Рыцарь понимал, что в словах Эрсилии есть резон, но ему до зубовного скрежета не хотелось посвящать княжну в уродливую сцену на площади, в подробности суда и приговора. И все же она действительно все узнает… Так не лучше ли ей и правда, узнать заранее и от него, а не из уст князя, который, вероятно, не преминет снова вылить на его имя ушат помоев.

– Все зашло слишком далеко, Эрсилия, и вина тут вовсе не твоя, – начал он наконец, – у меня и прежде были разногласия с твоим отцом, тебе ли не знать. Князь тяжело перенес твою болезнь, это очень подорвало его силы. Такие испытания ожесточают. Однако князь был достаточно благоразумен, чтоб принять назад гарнизон, несмотря на все прежние раздоры. Меня же простить он не готов.

Княжна прикусила губу:

– Что это означает? Ты изгнан? Или приговорен к смерти?

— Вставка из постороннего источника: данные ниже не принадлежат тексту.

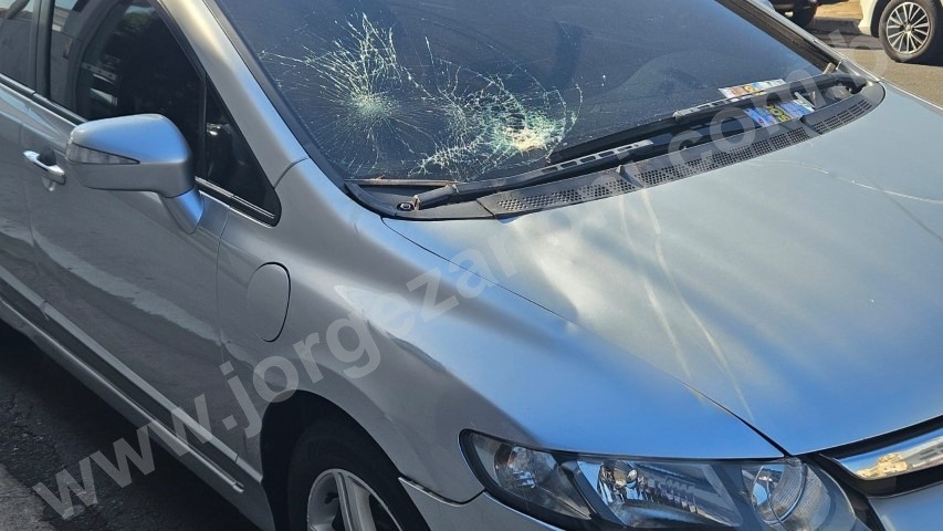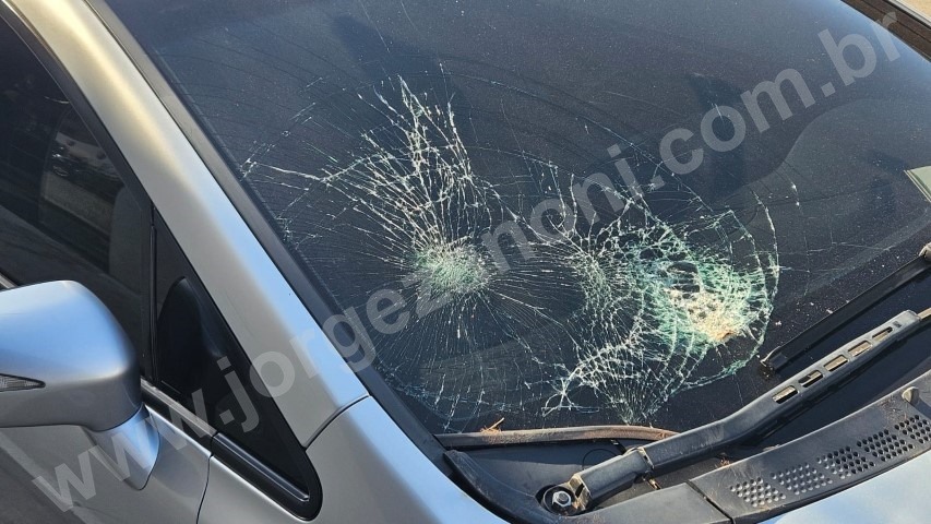 Com o impacto da batida o animal caiu em cima do capô, quebrou o para-brisa do Corolla e ficou ferido.
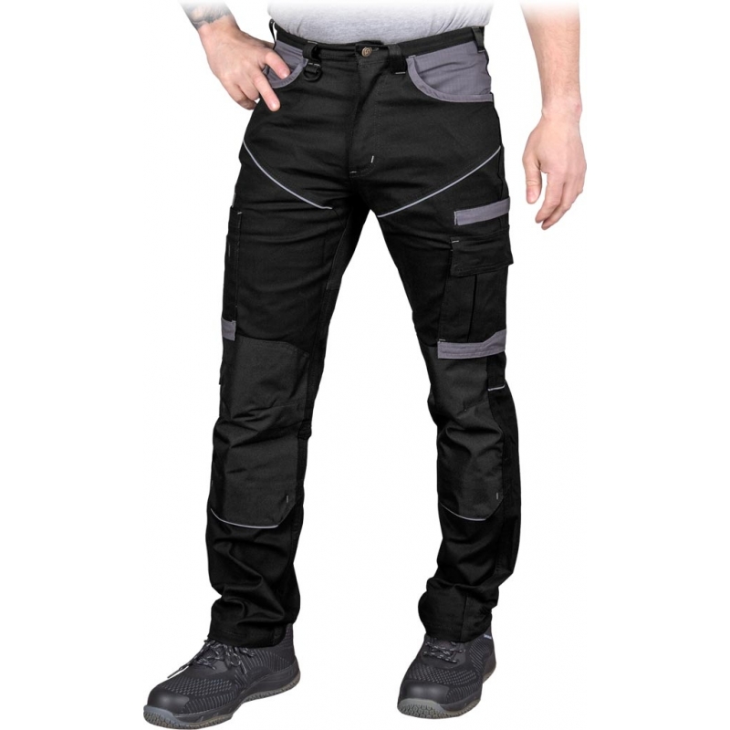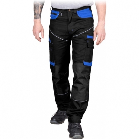 Spodnie ochronne do pasa LEADER. - tkanina: 97% bawełna, 3% spandex o gramaturze 270 g/m2 - wstawki z kontrastowego materiału wykonane z tkaniny typu rip-stop - w tylnej górnej części spodni, kroku oraz w tylnej dolnej części nogawek wstawka z czterokierunkowego streczu - zapinane na guzik i zamek błyskawiczny - trzy kieszenie po bokach, w tym jedna zapinana na suwak - dwie kieszenie z tyłu - kieszenie na nogawkach, w tym na telefon komórkowy - końcówka do przypięcia kluczy - na kolanach kieszenie na wkładki nakolannikowe KING BEE zapinane na rzep wykonane z materiału poliester OXFORD 600D - odblaskowe elementy zapewniają lepszą widoczność - spełniają wymagania normy EN ISO 13688
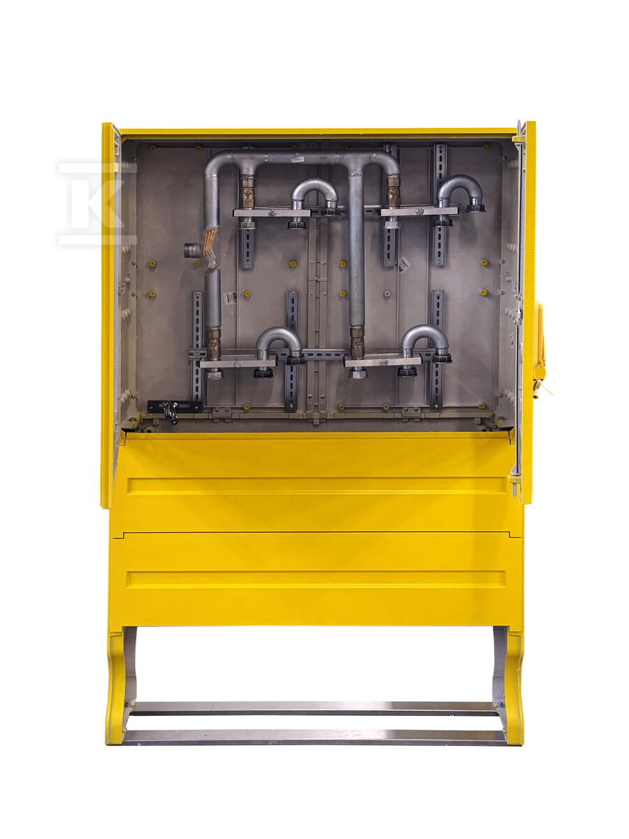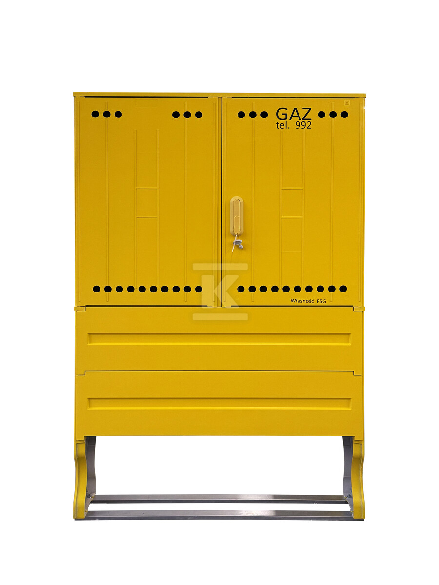 Шафа газова з полімеру, тип SSTG, шир. x вис. [см]: 106x84 + фундамент, моноз'єднання на 4 лічильники газу у вертикальному положенні, 2+2, виконання: стандарт PSG, з композиту SMC, лак стійкий до УФ, к.жовтий RAL1021, стояча IOBG-91044-07-528-H
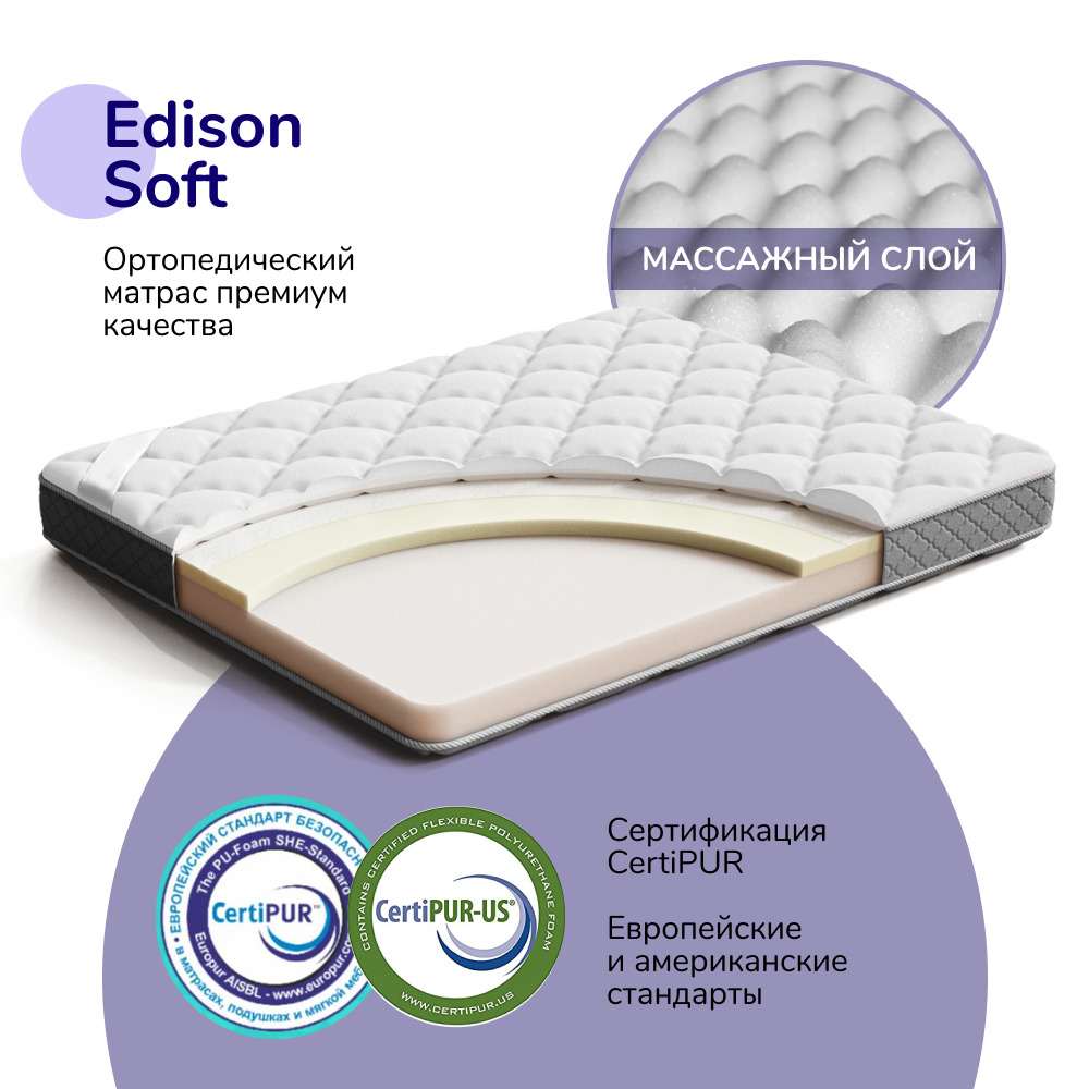 Матрас, Ортопедический матрас Nebula Atlant Edison Soft 70*190, Беспружинный, 70х190 см

Эта прозорливость, впрочем, вполне объяснимая, все равно заставила Йолафа мрачно усмехнуться:

– Именно так, – коротко отрезал он, – моя казнь запоздала уже на двое суток.

Эрсилия стиснула поводья задрожавшими руками:

– Йолаф, я не знаю, каков теперь мой отец! Мне больно представить себе, кем сделали его события этих месяцев! Но я уверена, что мое возвращение многое сможет изменить. Ты не хочешь говорить о долгах? Хорошо. Но все же того, что ты сделал для меня, ничем не измерить. И если даже предположить, что отца поразит безумие, и его неприязнь к тебе перевесит благодарность, то в масштабах моего титула мое исцеление – это неоценимая заслуга перед династией и престолом, а на это отец уже глаз закрыть не сможет, ему этого не позволят подданные, и он будет вынужден с ними считаться.